## INPUT RECORDS:
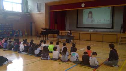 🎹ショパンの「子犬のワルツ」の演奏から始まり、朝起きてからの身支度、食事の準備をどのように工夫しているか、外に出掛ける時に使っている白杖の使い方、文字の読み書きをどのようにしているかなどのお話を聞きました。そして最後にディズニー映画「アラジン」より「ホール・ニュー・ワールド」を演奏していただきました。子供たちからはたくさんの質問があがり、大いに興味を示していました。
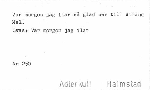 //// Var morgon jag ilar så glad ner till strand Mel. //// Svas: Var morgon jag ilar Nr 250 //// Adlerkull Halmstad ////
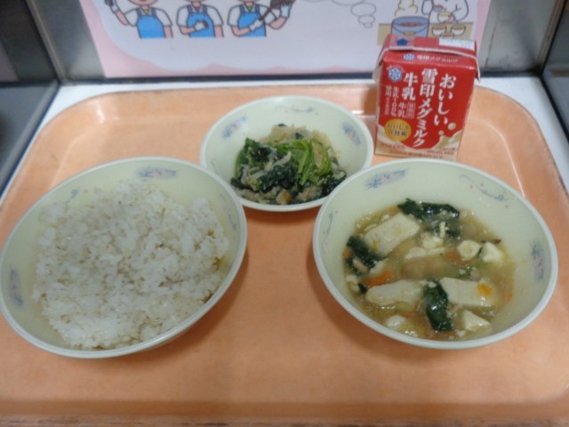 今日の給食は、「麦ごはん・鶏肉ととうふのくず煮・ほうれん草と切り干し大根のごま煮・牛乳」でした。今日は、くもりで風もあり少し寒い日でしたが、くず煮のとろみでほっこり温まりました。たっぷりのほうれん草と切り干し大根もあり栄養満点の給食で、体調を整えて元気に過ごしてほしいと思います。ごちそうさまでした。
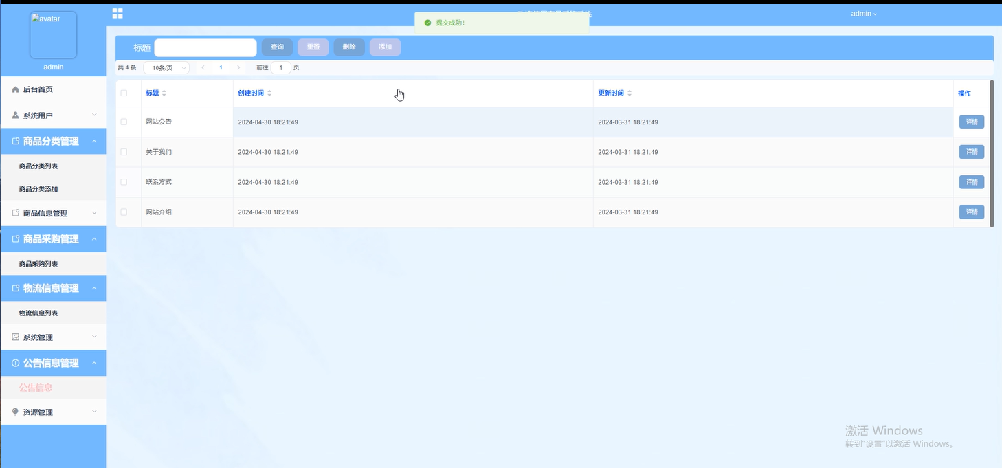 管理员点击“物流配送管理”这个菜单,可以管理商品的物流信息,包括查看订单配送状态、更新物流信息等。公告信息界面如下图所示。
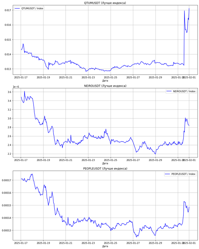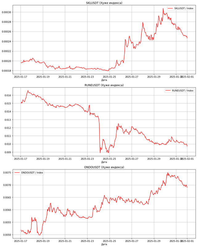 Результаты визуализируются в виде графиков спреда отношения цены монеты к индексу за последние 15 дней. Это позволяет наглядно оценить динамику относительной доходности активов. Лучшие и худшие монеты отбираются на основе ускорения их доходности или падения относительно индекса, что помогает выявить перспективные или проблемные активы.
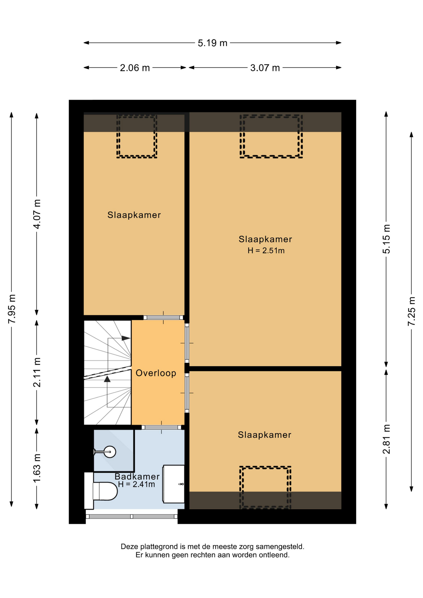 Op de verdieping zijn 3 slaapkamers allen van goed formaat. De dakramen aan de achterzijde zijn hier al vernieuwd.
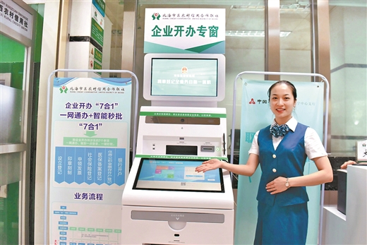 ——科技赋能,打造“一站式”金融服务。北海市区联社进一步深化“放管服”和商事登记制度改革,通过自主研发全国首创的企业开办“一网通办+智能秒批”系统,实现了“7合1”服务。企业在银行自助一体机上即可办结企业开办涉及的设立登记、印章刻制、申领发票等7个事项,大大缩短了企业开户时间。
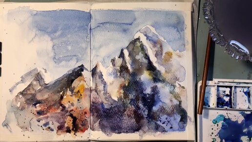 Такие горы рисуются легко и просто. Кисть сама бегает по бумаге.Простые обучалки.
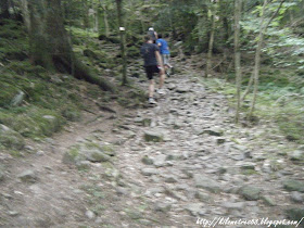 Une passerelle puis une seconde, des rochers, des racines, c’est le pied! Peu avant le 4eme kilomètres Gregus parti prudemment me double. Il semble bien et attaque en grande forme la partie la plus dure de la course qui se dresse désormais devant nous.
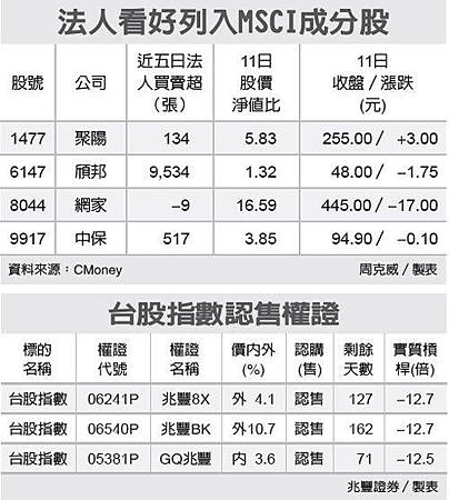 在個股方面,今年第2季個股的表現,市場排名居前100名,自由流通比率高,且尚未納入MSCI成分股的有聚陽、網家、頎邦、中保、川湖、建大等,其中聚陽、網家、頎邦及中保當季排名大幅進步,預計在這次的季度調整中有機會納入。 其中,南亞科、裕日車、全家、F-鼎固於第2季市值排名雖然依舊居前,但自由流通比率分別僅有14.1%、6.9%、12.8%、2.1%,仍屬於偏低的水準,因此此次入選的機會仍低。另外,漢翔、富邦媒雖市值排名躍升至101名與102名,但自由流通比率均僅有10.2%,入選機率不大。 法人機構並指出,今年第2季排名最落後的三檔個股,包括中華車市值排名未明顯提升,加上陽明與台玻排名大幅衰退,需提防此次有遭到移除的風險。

## TASK TO CARRY OUT:
With the pictures omitted, copy the entries above exactly from the line containing "Adlerkull Halmstad ////" through the line containing "Op de verdieping", both lines included.

## COMPLETED EXERCISE:
 //// Var morgon jag ilar så glad ner till strand Mel. //// Svas: Var morgon jag ilar Nr 250 //// Adlerkull Halmstad ////
 今日の給食は、「麦ごはん・鶏肉ととうふのくず煮・ほうれん草と切り干し大根のごま煮・牛乳」でした。今日は、くもりで風もあり少し寒い日でしたが、くず煮のとろみでほっこり温まりました。たっぷりのほうれん草と切り干し大根もあり栄養満点の給食で、体調を整えて元気に過ごしてほしいと思います。ごちそうさまでした。
 管理员点击“物流配送管理”这个菜单,可以管理商品的物流信息,包括查看订单配送状态、更新物流信息等。公告信息界面如下图所示。
 Результаты визуализируются в виде графиков спреда отношения цены монеты к индексу за последние 15 дней. Это позволяет наглядно оценить динамику относительной доходности активов. Лучшие и худшие монеты отбираются на основе ускорения их доходности или падения относительно индекса, что помогает выявить перспективные или проблемные активы.
 Op de verdieping zijn 3 slaapkamers allen van goed formaat. De dakramen aan de achterzijde zijn hier al vernieuwd.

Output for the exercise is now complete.